The death is reported of Dr. E. Luther, Professor of Astronomy and Director of the Observatory at Königsberg, Germany, in the eighty-first year of his age.

Dr. Robert Caspart, Professor of Botany in the University of Königsberg, died recently from the effects of a fall downstairs. He was born in 1818, and, while not a prolific writer, was well known to botanists as a critical authority on Nymphæaceæ.

The Rev. William S. Symonds, F. G. S., rector of Pendock, who died September l.'i, was an earnest student of British geology, and contributed papers to the scientific periodicals on the rocks and fossils of the west of England. He paid, however, more attention to physical geology than to paleontology; and was greatly interested in the phenomena of the glacial drifts, and in questions relating to the antiquity of prehistoric man. He was the author of "Records of the Rocks," "Old Stones," and "Old Bones," of more than forty papers in scientific journals, and of the romances "Malvern Chase" and "Hornby Castle."

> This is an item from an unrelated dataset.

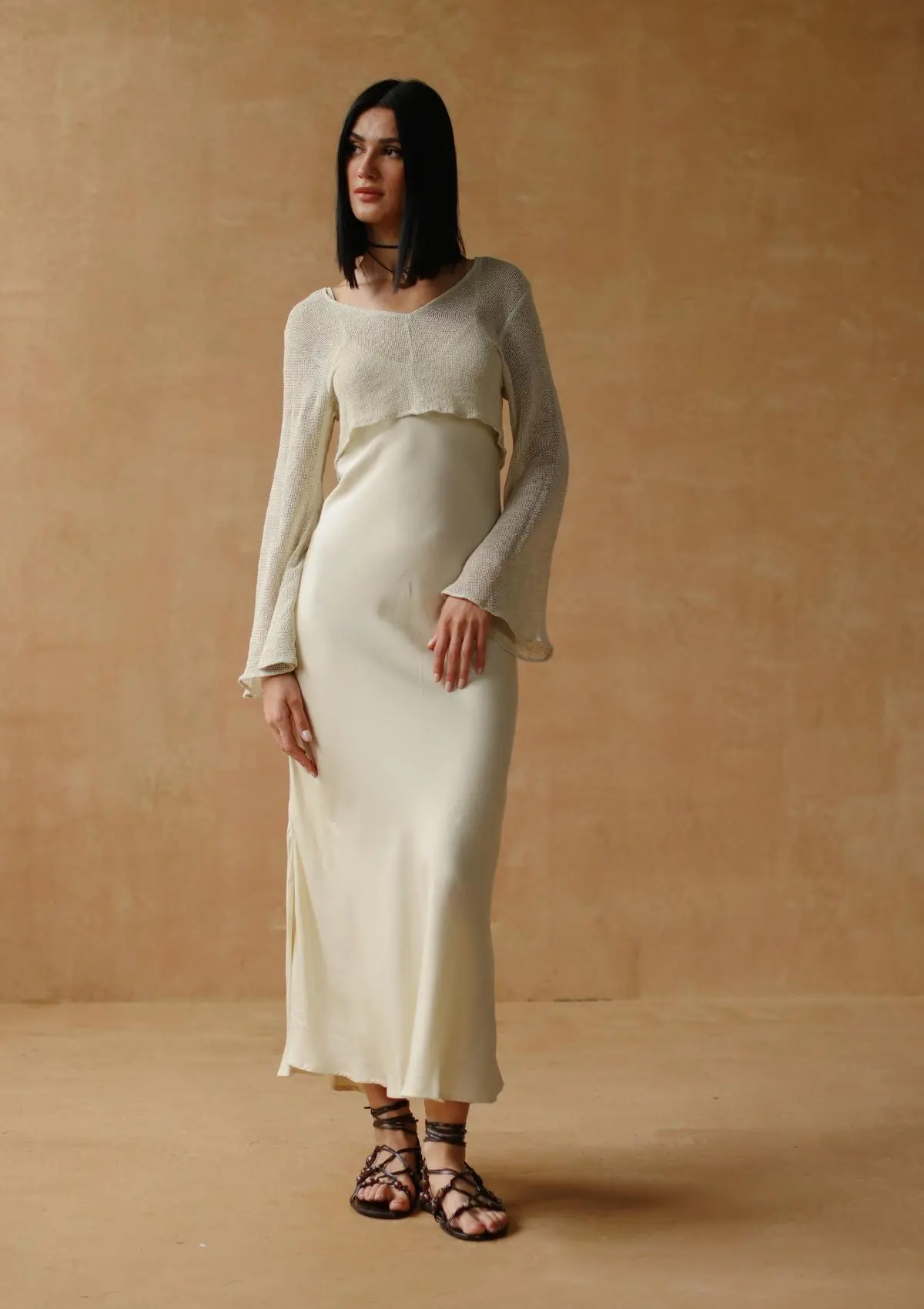 AKAIA BIAS SLIP DRESS - NATURAL

Joseph Maxendell, a British meteorologist and astronomer of eminent local reputation, died in Southport, October 7, in the seventy-second year of his age. He is declared by Balfour Stewart to have been the pioneer in the suggestion of the eleven-year sun-spot theory of meteorological cycles, and to have been the first to propose the use of storm-signals as they are now adopted by all maritime nations. He was a member of many learned societies at home and abroad.

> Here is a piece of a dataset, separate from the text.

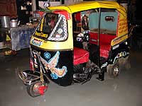 すると、通路の真中にある黄色と黒の物体がありました。 おぉ。これは本物のオートリクシャーではありませんか。日本で実物を見られるなんて感動ものです。 後ろにはサイクルリクシャ−(自転車式の人力車)があり、そのわきにはアルナーチャラムでおなじみのパーン売りのスタンドもあります。 |
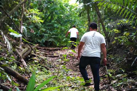 茶山村一晴食坊許霹耀(前),帶路遊客玩水、遊山及割筍,白天吃田園料理,下午進山遊玩,傍晚到營火旁回到村裡吃鄒族烤肉聊天。

Robert Hunt, F. R. S., keeper of the British Mining Records, died October 17, in the eighty-first year of his age. He had been writing on scientific subjects for nearly fifty years. While a medical student, he became acquainted with pharmaceutical chemistry. During a walking tour, he collected the materials for a bock on west of England folk-lore. He studied and wrote upon photography, crystallization, the chemical action of light (in relation to which he introduced the term actinism), the influence of colored media on plant-germination and growth, and other kindred subjects. He was the originator of the publication of statistical returns of the mineral produce of the United Kingdom; and in 1866 was one of the commissioners to inquire into the stock of unworked coal in the mines. He published, in 1884, a comprehensive book on British mining. He was author of works on the "Poetry of Science," "Panthea, or the Spirit of Nature," and "Handbooks" of the great Exhibitions of 1851 and 1852; and he edited, after Dr. Ure's death, the successive editions of that author's "Dictionary of Arts."

Mr. Thomas Bolton, of the Microscopists' and Naturalists' Studio, Birmingham, England, died November 7th. His services as a naturalist and microscopist were recognized several months ago by the award of a civil-service medal, in connection with which a memorial, signed by many eminent men of science, was presented, setting forth his claims and discoveries.